A good substitute for butter if you're not a vegetarian and very good in producing
flaky egg tarts and to make black sesame filling for
tang yuan or steamed buns. I always buy pre-packed peanuts. They come in roasted and salted. What I do is I place them in a colander and shake off the excess salt. Then dry roast them in a wok and stop just before it starts turning oily. This twice roasted method gives it a very fragrant after taste and I definitely like it better this way.

Spread them out on a half sheet pan and cool them down completely. Recipe is always 2-2-1-1. It's a ratio rather than a recipe. Simply use any cup (just make sure you measure out all the ingredients with the same cup!) you like and measure two cups full of the roasted peanuts. Pop that into a food processor. Into the food processor goes another 2 cups of plain flour.
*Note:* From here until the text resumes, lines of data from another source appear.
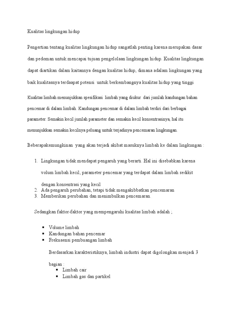 DOC) Makalah kualitas lingkungan hdp berdasarkan kriteria bio fisik, sosbud | ALYA RAISA NADYA barabai - Academia.edu
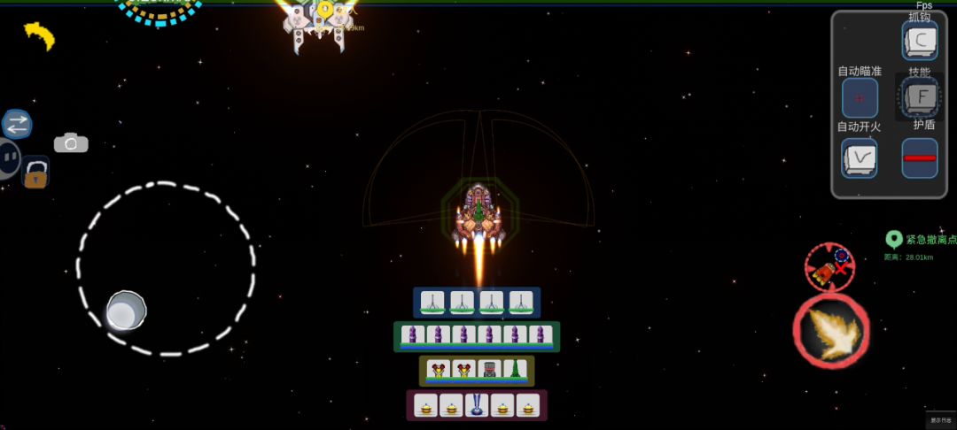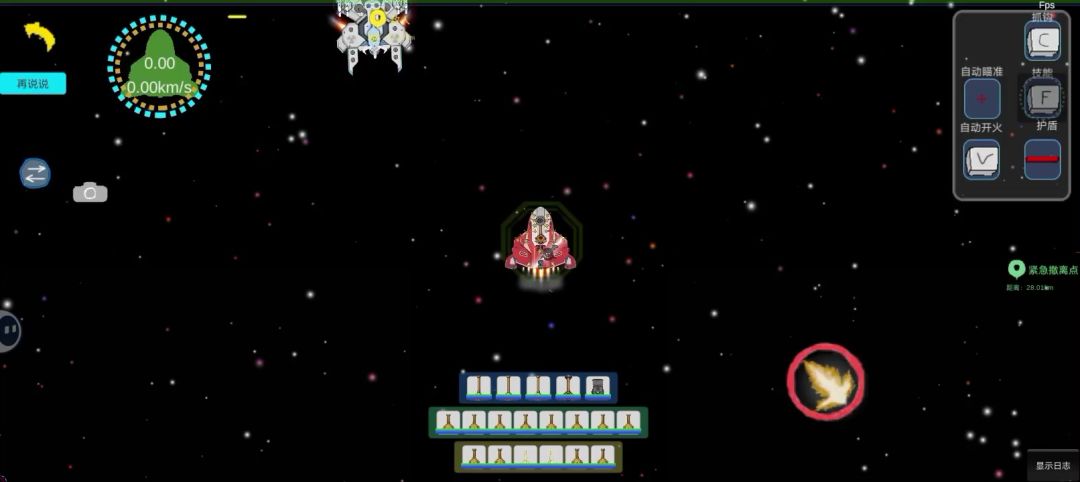 一、舰船介绍: 英灵殿:玩家驾驶舰船(B级舰船)。这艘航母,有着五个舰载机库,两个蜂群导弹发射器,以及五个黄蜂拦截激光,同时还有三个小型护盾发生器,一个中型护盾发生器(左下角),自身的装甲值和血量并不突出,所以我们需要依靠护盾和激光拦截器来进行防御。 坦克I:敌方的三艘舰船(C级舰船)。拥有四个小型武器槽,三个中型武器槽,以及一门专属的巨炮,能够以损耗船体值为代价,发射出破甲能力极高的炮弹(A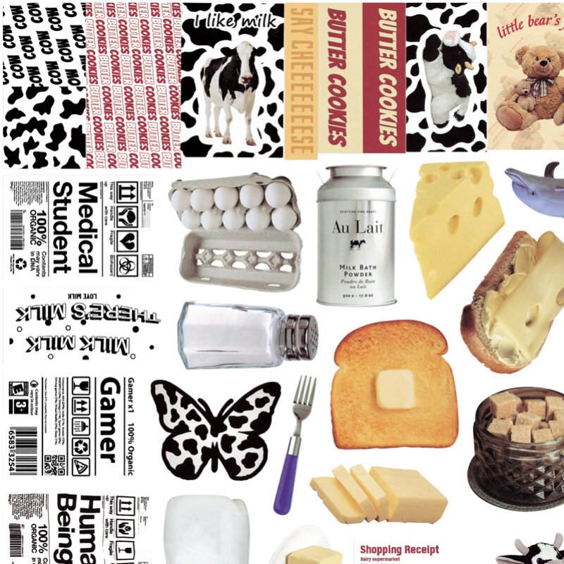 Korean ins style simple black and white cow cheese butter bear sticker set hand account diy mobile phone shell decorative painting

Doesn't have to be exact; scant, more or less is absolutely fine. Throw in 1 cup of icing sugar or you can also use castor sugar. The icing sugar will help prevent your peanut from being overly grinded into peanut butter. It basically prevents paste formation before you add your lard. Add in a pinch of salt now if your peanut is not pre-packed salted and roasted.

Pulse the ingredients until fine powder. I usually like to leave a bit of bites in my cookies so I stop them before they came too smooth and fake tasting. Now, you can let the food processor run and dribble in a cup (same cup like previous!) of cooking oil but if you use lard like me, I turn the powdered ingredient onto a work table. Throw in a cup of solidified lard and work the dough until it's shiny and lumpy. You might need more or less lard/oil depending on your flour absorption. I always use a cup scant of lard. Form them into balls. Poke them with a long slender straw and glaze.

Bake until done, typical cookie temperature, 170°C to 180°C for 15 to 20mins. The one made using lard has the lightest, flakiest, melt-in-mouth feeling. I hope everyone is not sick of hearing the word 'melt-in-mouth' yet due to the
pineapple tarts overdose previously. These are so light, like what I've told
Pei Lin, my favourite cookie texture is where when I hold it, it doesn't crumble in my hand that I have to be so careful with it. But when you pop it in the mouth and press it against your lelangit (a Malay word for palate), it crumbles/crushes, followed by a melt-in-the-mouth effect where your tongue and palate kept demolishing it. And that piece of cookie end with a push of saliva down my throat. Talk about food writing...Ahhhh....kinda hard to describe sometimes.
Make these, they are so easy and yummy you'll never buy those from pasar malam (night markets) in Malaysia anymore!